Conspiracies (Mercedes Lackey) - By Mercedes Lackey Page 0,28

Corby moved as quietly as Loch, and she only used her flashlight intermittently, which was how Spirit spotted her. She was still about fifty feet away, so Spirit was able to backtrack to the kitchen and duck inside. She hid by squeezing into the utility closet with the smelly mops and brooms, and waited breathlessly while Ms. Corby played the light around the kitchen. Looking for late-night snackers, no doubt. Maybe.

Or maybe she was actually on the alert for real trouble. Maybe Doctor A. was taking the Hunt seriously.

Maybe she’s just prowling around trying to get people in trouble. It seemed the most likely.

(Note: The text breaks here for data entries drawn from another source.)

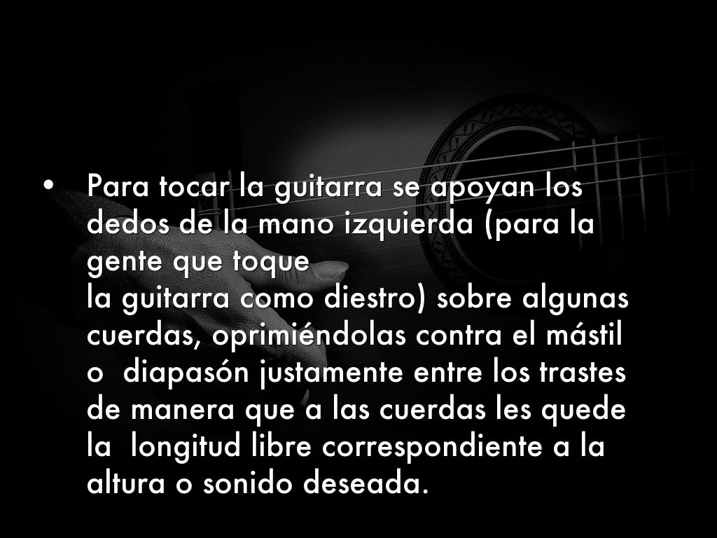 • Para tocar la guitarra se apoyan los dedos de la mano izquierda (para la gente que toque la guitarra como diestro) sobre algunas cuerdas, oprimiéndolas contra el mástil o diapasón justamente entre los trastes de manera que a las cuerdas les quede la longitud libre correspondiente a la altura o sonido deseada.
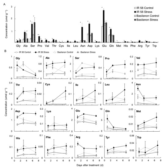 Since the observed increases in the levels of amino acids under stress were remarkable, we investigated the abundances of proteinogenic amino acids to determine whether they changed during osmotic stress. The concentrations of glycine (Gly), serine (Ser), proline (Pro), and cysteine (Cys) were significantly increased by stress treatments regardless of cultivar (Figure 3A). In addition to these amino acids, valine (Val), threonine (Thr), asparagine (Asn), aspartic acid (Asp), lysine (Lys), glutamic acid (Glu), glutamine (Gln), methionine (Met), histidine (His), phenylalanine (Phe), and tyrosine (Tyr) were significantly increased by the stress treatment in the IR 58 roots. Changes in amino acid concentrations during stress varied by amino acid and cultivar. (Figure 3B). In general, the levels of amino acids in the stressed condition were higher than those in the control. Amino acids, such as Gly and Asn, were higher in the early stages and decreased gradually, while others, such as Ser, Thr and Cys, increased and maintained a higher level than the control during the entire stress period. The amino acid concentrations in roots under stress were generally higher in IR58 than in Basilanon, with some exceptions, such as Ser and Gly.
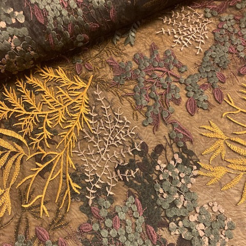 Een soepele zachte mesh of tulle met geborduurde bloemen en struiken ideaal voor het naaien van top, lange rok, kleed, of losse broek
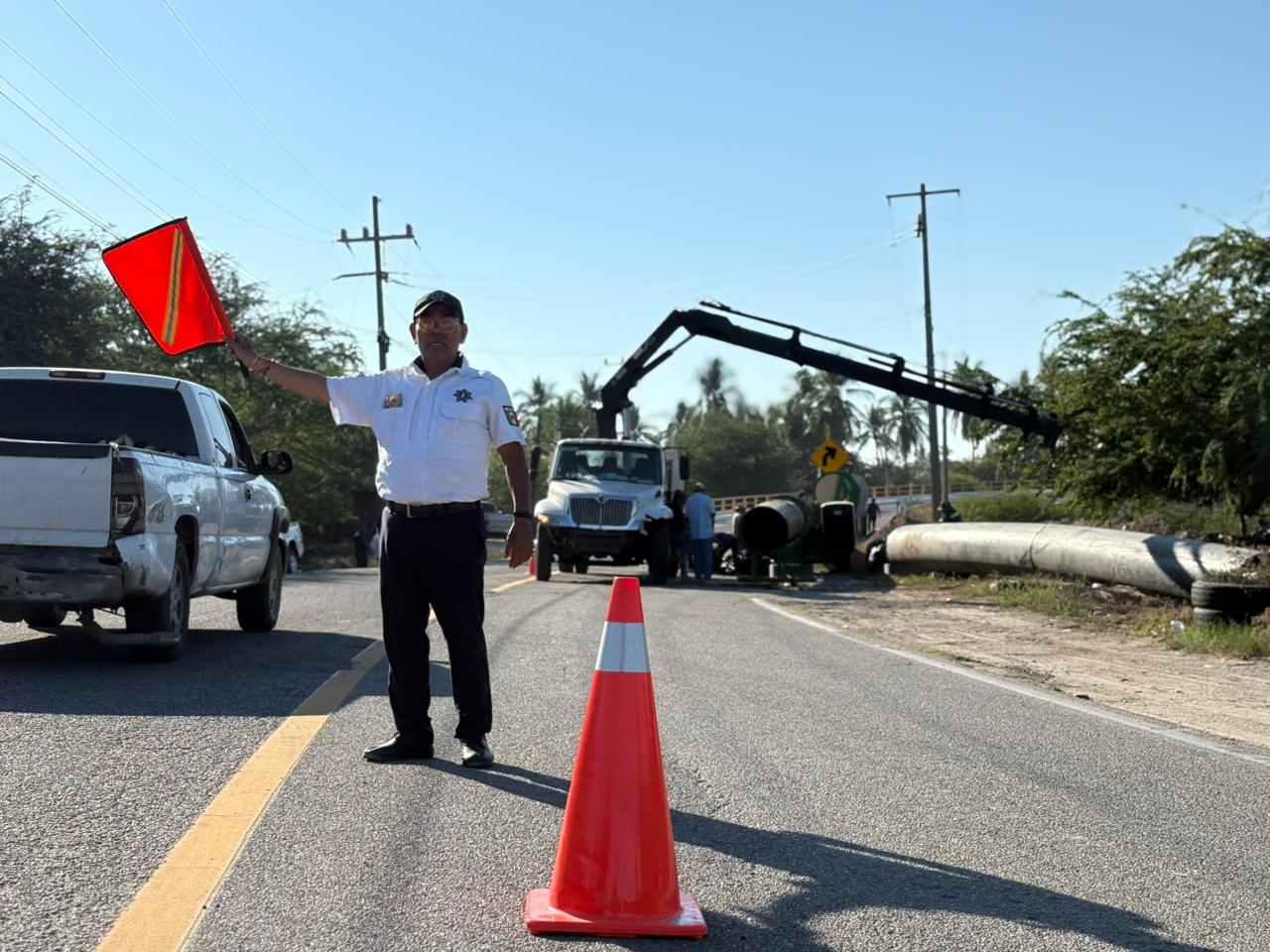 Para garantizar la seguridad de los trabajadores y de los automovilistas que circulan por la zona, la Policía Vial Municipal implementa medidas de control vehicular sobre la carretera.
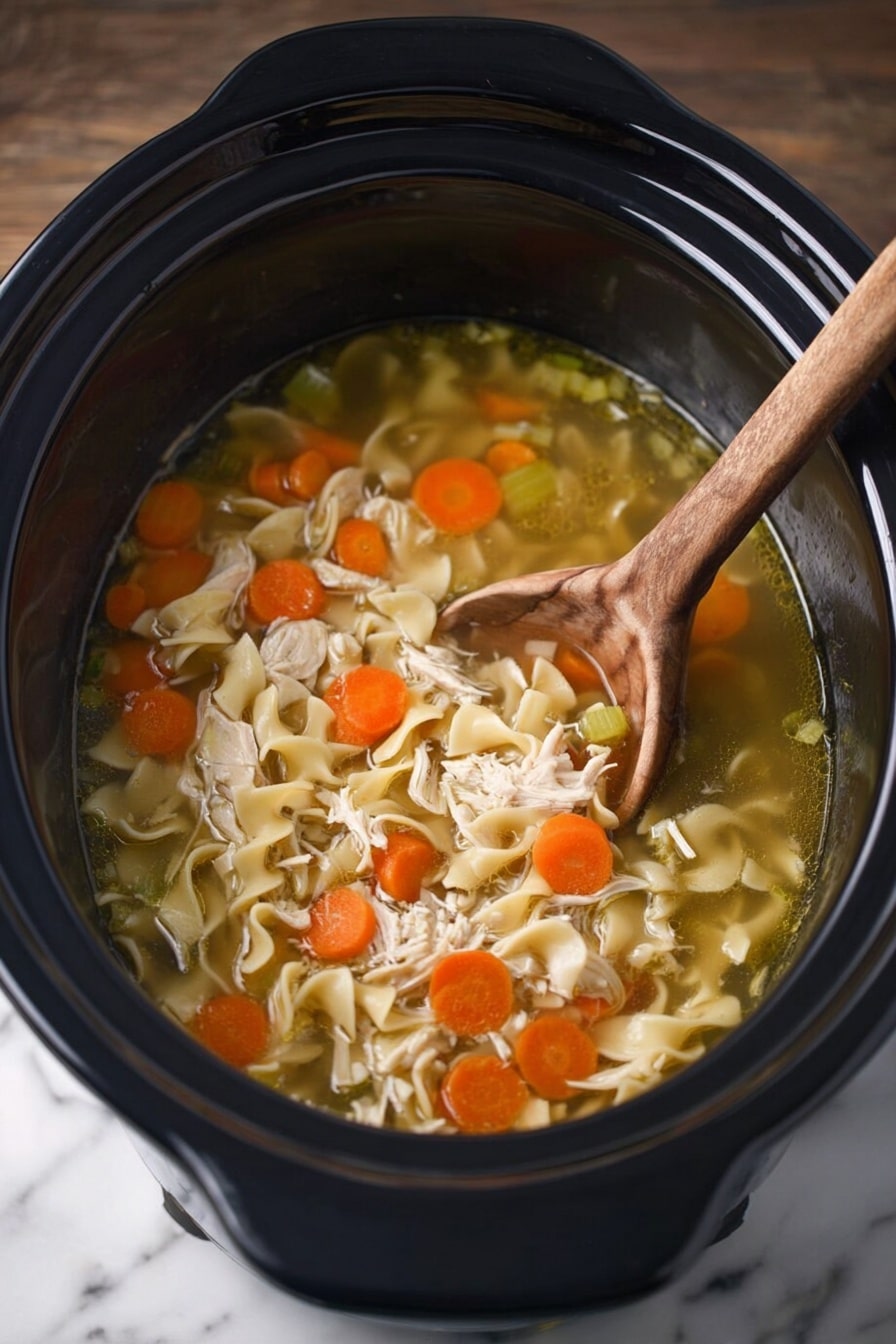 3. Add Noodles: After 2 ½ hours of cooking, carefully remove the lid and stir in the egg noodles. Replace the lid and continue cooking on HIGH for an additional 30 minutes until the noodles are tender.

When Ms. Corby was gone from the kitchen, Spirit counted twice to sixty, then slipped out of the closet, padded quietly to the door, listened, then cracked the door open. Ms. Corby’s flashlight stabbed through the darkness back down the opposite way Spirit wanted to go, and with a sigh of relief, Spirit scooted out the door and headed for the rendezvous with Loch.

He was waiting outside the Furnace Room door; without speaking, they both went inside and headed for the furnace itself. The thing was going full-bore to keep up with the arctic temperatures outside, but it was so well insulated it was barely warm to the touch at the back where they knew the round cast-metal door to the secret rooms lay. By the light of Spirit’s flashlight, Loch picked out the right skeleton key, which Muirin had marked with a speck of blood-red nail polish. Like Muirin, Loch pocketed the padlock before he opened the door. Hopefully Ms. Corby wouldn’t prowl all the way down here.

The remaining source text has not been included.